Do I have to implement the prescribed API? Yes, or you will lose a substantial number of points.

Frequently Asked Questions (MarkovModel)

My program won't compile because the compiler can't find the symbol "ST." How can I fix that? The ST data type is not part of Java or stdlib.jar. You need to download ST.java—it's part of markov.zip—and put it in the same directory as MarkovModel.java.

Can I use java.util.TreeMap or java.util.HashMap for my symbol table instead of ST? No, please use ST.

I want to refer to the magic number 128 in more than one method. Any advice? You can define a global constant, as follows:

private static final int ASCII = 128;
This code should appear inside the class block, but before any instance variables or methods. By convention, constant variable names should be ALL_UPPERCASE. The static modifier means that every instance method will refer to the same variable (as opposed to instance variables, for which there is one variable per object); the final modifier means that you can't change its value, once initialized.

How do I extract a substring of a given string? The method call s.substring(i, i+k) returns the the k-character substring of s, starting at i. Note that it includes the left endpoint but excludes the right endpoint.

How do I emulate the behavior of a circular string? There are a number of approaches. One way is to append the first k characters of the input text to the input text.

How do I convert a char to an int? A char is a 16-bit (unsigned) integer. Java will automatically promote a char to an int if you use it as an index into an array.

How do I specify the newline character? Use either the character literal '\n' or the string literal "\n".

How do I use StdRandom.discrete()? There are two overloaded methods named StdRandom.discrete().

Frequently Asked Questions (TextGenerator)

Should my program generate a different output each time I run it? Yes.

How can I read in the input text from standard input? Use StdIn.readAll(). Do not remove whitespace.

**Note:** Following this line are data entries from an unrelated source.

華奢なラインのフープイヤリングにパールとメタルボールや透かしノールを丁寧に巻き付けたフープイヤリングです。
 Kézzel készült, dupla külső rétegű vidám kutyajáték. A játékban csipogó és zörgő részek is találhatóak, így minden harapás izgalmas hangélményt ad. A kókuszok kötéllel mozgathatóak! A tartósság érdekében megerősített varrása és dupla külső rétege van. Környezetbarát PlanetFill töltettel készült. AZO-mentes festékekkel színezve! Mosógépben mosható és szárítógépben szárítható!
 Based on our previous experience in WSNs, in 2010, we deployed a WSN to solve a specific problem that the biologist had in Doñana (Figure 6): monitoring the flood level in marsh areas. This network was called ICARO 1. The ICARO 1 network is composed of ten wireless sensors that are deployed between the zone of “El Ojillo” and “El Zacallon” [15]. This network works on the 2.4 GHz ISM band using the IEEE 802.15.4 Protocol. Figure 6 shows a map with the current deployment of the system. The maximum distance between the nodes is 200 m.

My random text ends in the middle of a sentence. Is that OK? Yes, that's to be expected.

After executing the program, the commmand prompt appears on the same line as the random text. Is that OK? Yes. It's because the random text does not end with a newline character. If you want to add a call to StdOut.println() at the end of your program, that's fine—we promise not to deduct.

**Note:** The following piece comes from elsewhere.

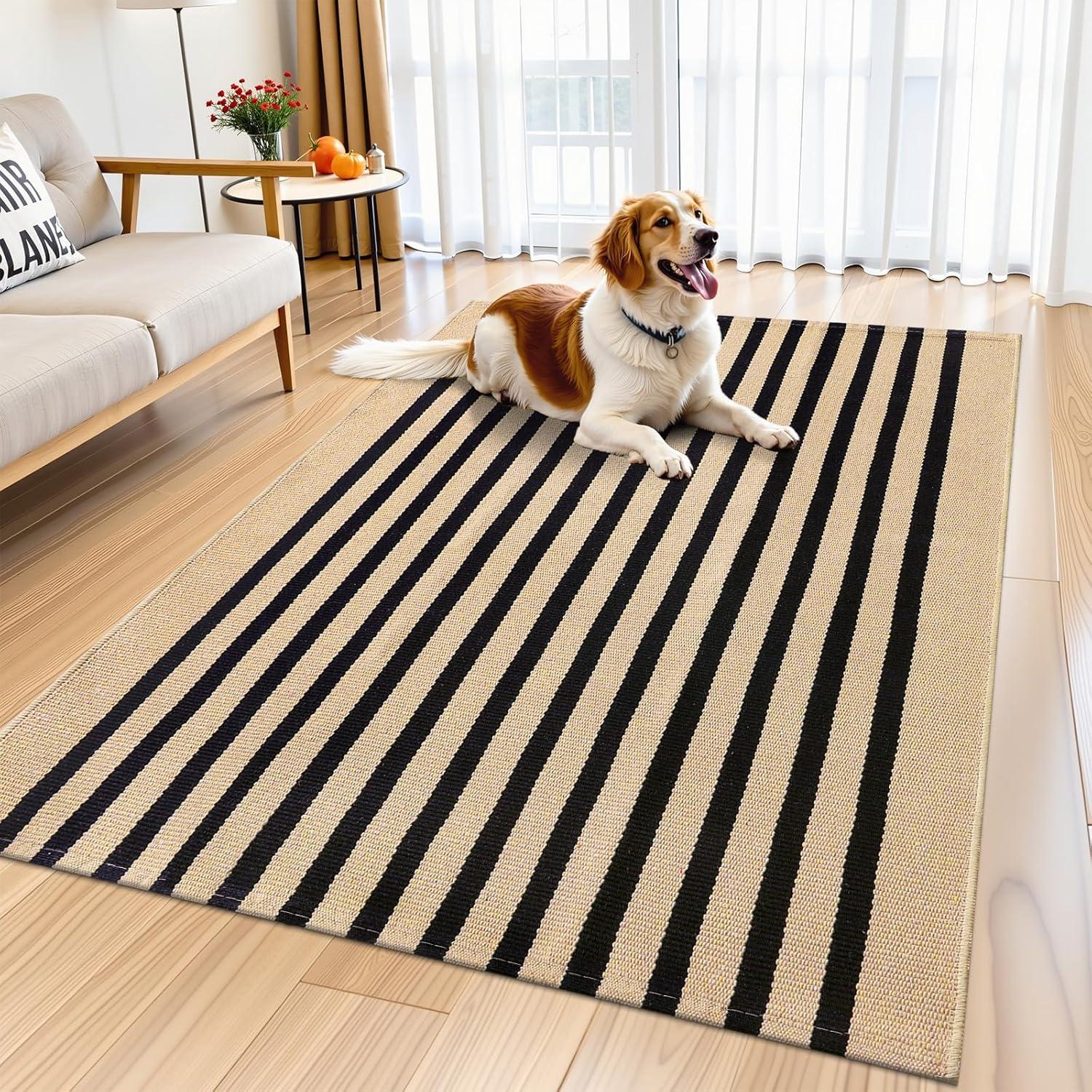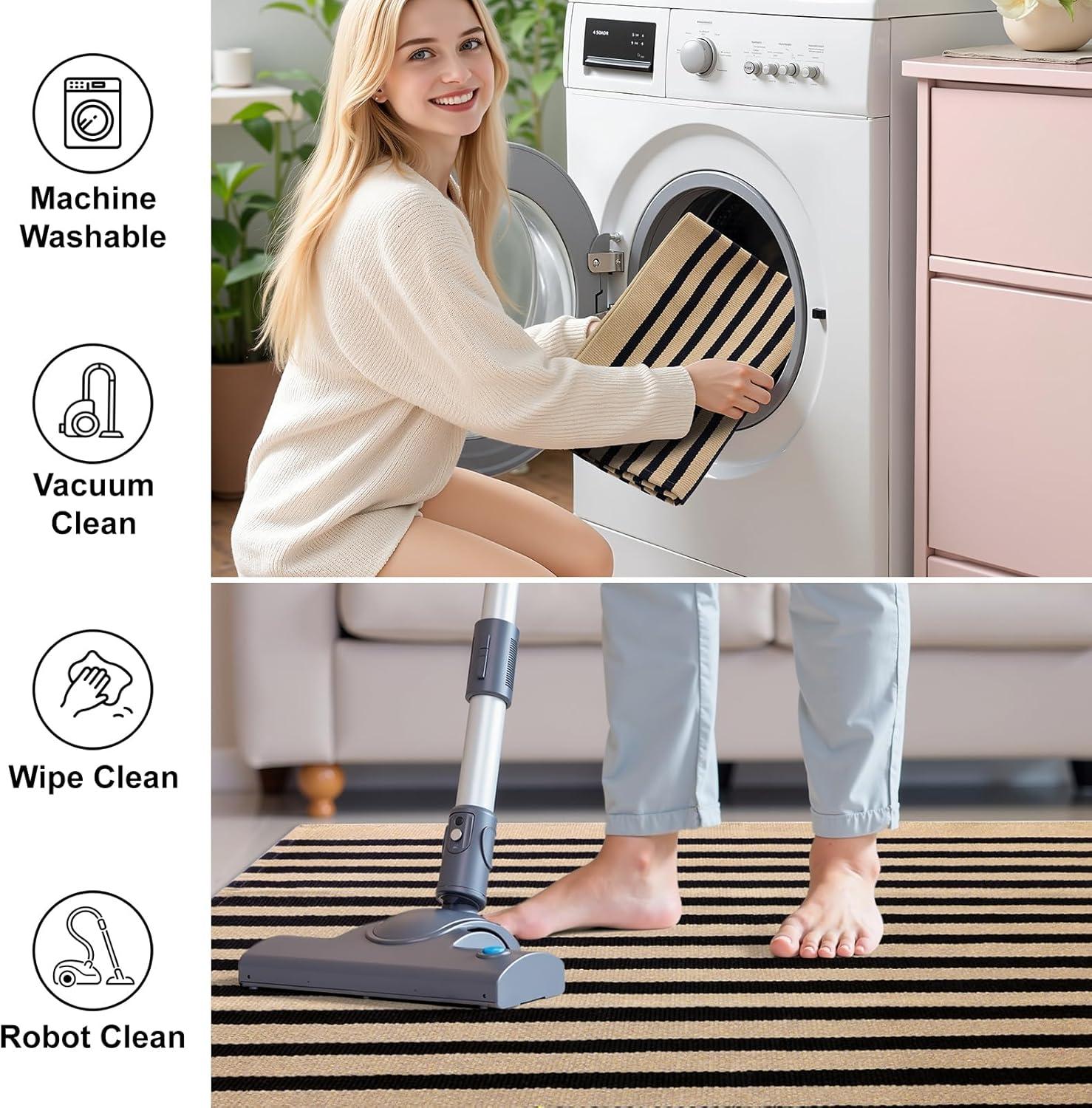 [Easy to Clean & Maintain] Keep your cotton blend striped rug fresh with minimal effort—vacuum or shake to remove dirt, or machine wash on a gentle cycle for deeper cleaning. Air dry or tumble dry on low to protect the fabric. Do not bleach. This easy-care farmhouse entry rug offers both practicality and timeless style.

For which values of k should my program work? It should work for all well defined values of k, from 0 up to, and including, the length of the input text. As k gets larger, your program will use more memory and take longer.

My program is slow when T is large because I am concatenating the T characters, one at a time, to form string of length T. What else can I do? Do you need to form the entire string? Why not print the characters, one at a time, as you generate them?

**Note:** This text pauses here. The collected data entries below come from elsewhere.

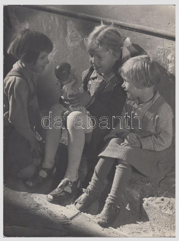 cca 1950 Balogh Gyula: A baba, vintage fotó, aláírva, feliratozva, 24x18 cm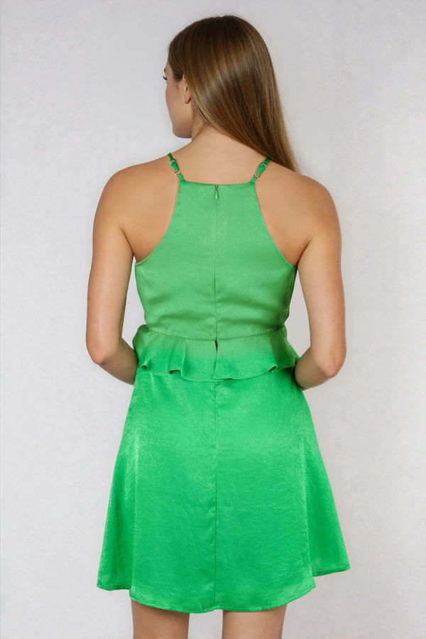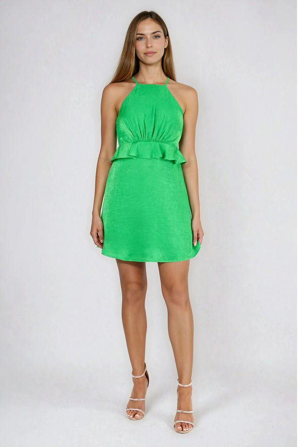 Flirty, fresh, and made to shine, Little Stunner Satin Peplum Mini Dress in Green brings instant charm with its silky sheen, flattering high neckline, and softly cinched waist finished with a playful ruffle hem. Lightweight and flowy, it moves effortlessly while keeping your look polished and fun. Perfect for brunch dates, garden parties, vacation nights, summer weddings, or cocktail hours when you want an easy statement that feels confident, feminine, and totally put-together.
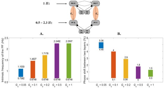 When an excitatory synapse (Gc in Figure 1 and Figure 5) connects the rhythm generator (RG) to the pattern formation (PF) layer, the PF layer can become phase locked to the RG layer even when the intrinsic frequency of the PF layer is different than that of the RG layer (Figure 5A). For example, when Gc = 0.05 uS, PF layers with intrinsic frequencies ranging from 0.73 to 1.1 Hz can be phase locked to an RG that has an intrinsic frequency of 1 Hz. When the connection strength Gc is increased, PF layers with a wider range of intrinsic frequencies can become entrained and phase locked to the RG’s frequency. Additionally, different intrinsic frequencies of the PF network result in different phase shifts between the two layers, even when there are no perturbations to the system (Figure 5B). For example, when Gc = 0.1 uS, the phase shift between the two layers ranges from 0.1% to 4%. In contrast to the trends seen in the frequency range, the range of phase difference between the two layers is reduced when the Gc connection strength increases. However, when the connection strength is too weak (Gc = 0.05), the system is less likely to phase lock, and therefore, the range of phase differences is also reduced.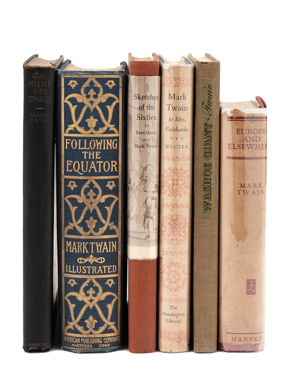 Following the Equator. Hartford, CT: The American Publishing Company, 1897. FIRST TRADE EDITION. BAL 3451. -- The Mysterious Stranger. New York and London: Harper & Brothers Publishers, 1916. N. C. Wyeth, illustrator. FIRST EDITION. BAL 3520. -- Europe and Elsewhere. New York and London: Harper & Brothers, Publishers, 1923. Original publisher’s dust jacket (some minor chipping). FIRST EDITION. BAL 3536. -- TWAIN & HART, Bret. Sketches of the Sixties. San Francisco: John Howell, 1926. Original publisher’s dust jacket (portion only). FIRST TRADE EDITION. BAL 3539. -- The Washoe Giant in San Francisco. San Francisco: George Fields, 1938. FIRST EDITION. BAL 3559. Prospectus laid in. -- To Mrs. Fairbanks. San Marino, CA: Huntington Library, 1949. Dixon Wecter, editor. FIRST EDITION. BAL 3578. Original publisher’s dust jacket (some minor chipping and soiling). -- Together, 6 works in 6 volumes, ALL FIRST EDITIONS, all in original publisher's cloth bindings, condition generally fine.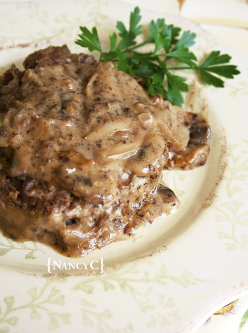 I’m not a big beef eater, but when I saw this recipe I had to try it! I found it at Campbell’s Kitchen, and it sounded good, quick, and easy. I love mushrooms and the words Mushroom-Smothered sure caught my attention! 🙂 When I do cook with beef, I like to use lean beef that is free of hormones and antibiotics. This recipe is all made in a skillet, so no baking is involved. With the creamy mushroom gravy, the taste of these burgers remind me of meatballs stroganoff.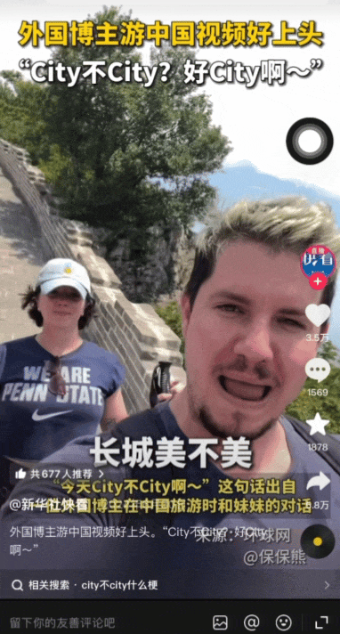 外国博主@保保熊 凭借着魔性的City不City走红。在短视频平台上,它迅速完成了从土味到潮流的华丽转身,掀起一股City风。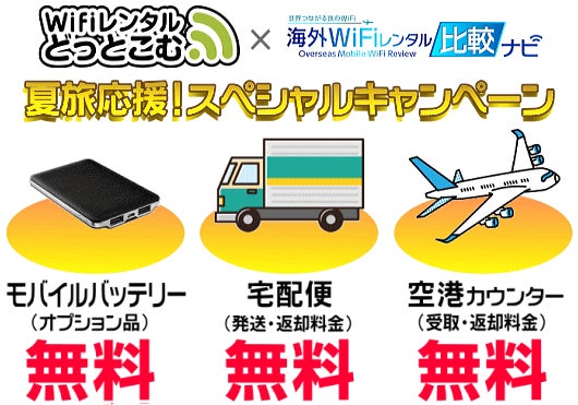 夏の旅行や一時帰国に最適な国内WiFiレンタルの「WiFiレンタルどっとこむ」が、モバイルバッテリーや往復の宅配送料や空港受渡手数料が無料となる特別キャンペーンを実施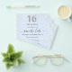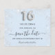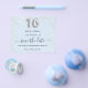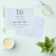 Observe que esta opção Save the date (Salvar a data) está no papel do folheto e muito fina. Os envelopes não estão incluídos. Para Cartões salve a data mais espessos (mesmo design) visite nossa loja. Uma moça e moda Salvem a data para uma doce festa de aniversário 16, 16. Um fundo azul-bebê decorado com poeira falsa. Personalize e adicione uma data e nome/idade. O texto: Salvar a Data é gravado com um script de estilo com letra de tendência grande. Número 16 com uma fonte no estilo do balão.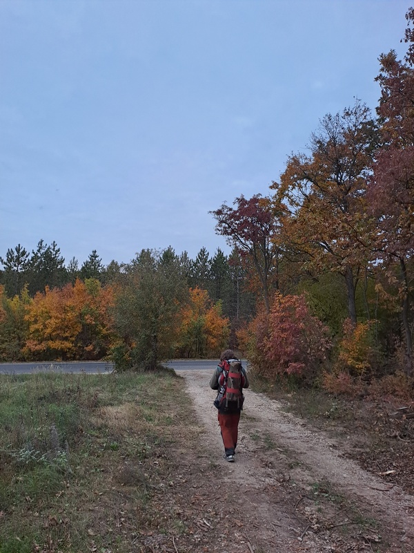 úton az erdő szélén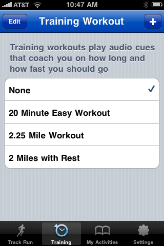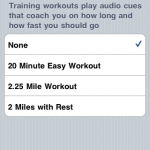 The app comes in two versions, Free and Pro [$9.99] and the Pro version includes voice prompts as well as photo and status updates from the road. The Pro version also allows you to set a special iPod playlist for your workout.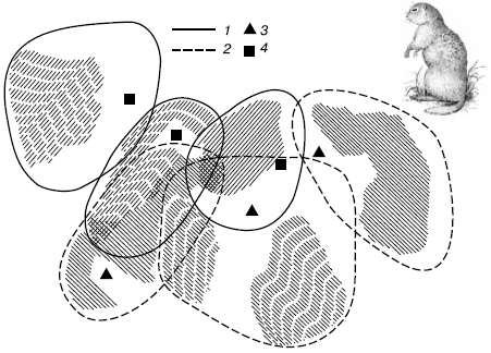 1– границы индивидуальных участков у самок; 2 – то же у самцов; 3 – гнездовые норы самцов; 4 – выводковые норы самок. Заштрихованы предпочитаемые каждым зверьком места кормежки
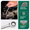 Sua catraca de 72 dentes proporciona um arco de giro de apenas 5°, permitindo uso em espaços reduzidos e de difícil acesso. O design preciso garante encaixe firme nos parafusos, evitando desgaste das peças e proporcionando mais segurança durante o aperto e desaperto.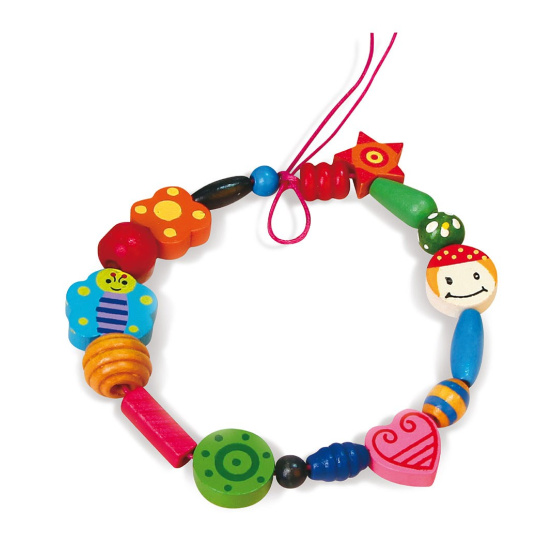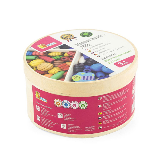 Kreativní sada dřevěných korálků Viga obsahuje 600 dřevěných korálků různých velikostí, tvarů a barev. Sada navíc obsahuje 8 šňůrek v různých barvách. Díky sadě si můžete vytvořit náramky nebo náhrdelníky.

I get an OutOfMemoryException. How do I tell Java to use more of my computer's memory? Depending on your operating system, you may have to ask the Java Virtual Machine for more main memory beyond the default.

% java-introcs -Xmx500m TextGenerator 7 1000 < input.txt
The 500m means 500MB, and you should adjust this number depending on the size of the input text.

Testing (MarkovModel)

Thoroughly test your MarkovModel. We provide a main() as a start to your testing.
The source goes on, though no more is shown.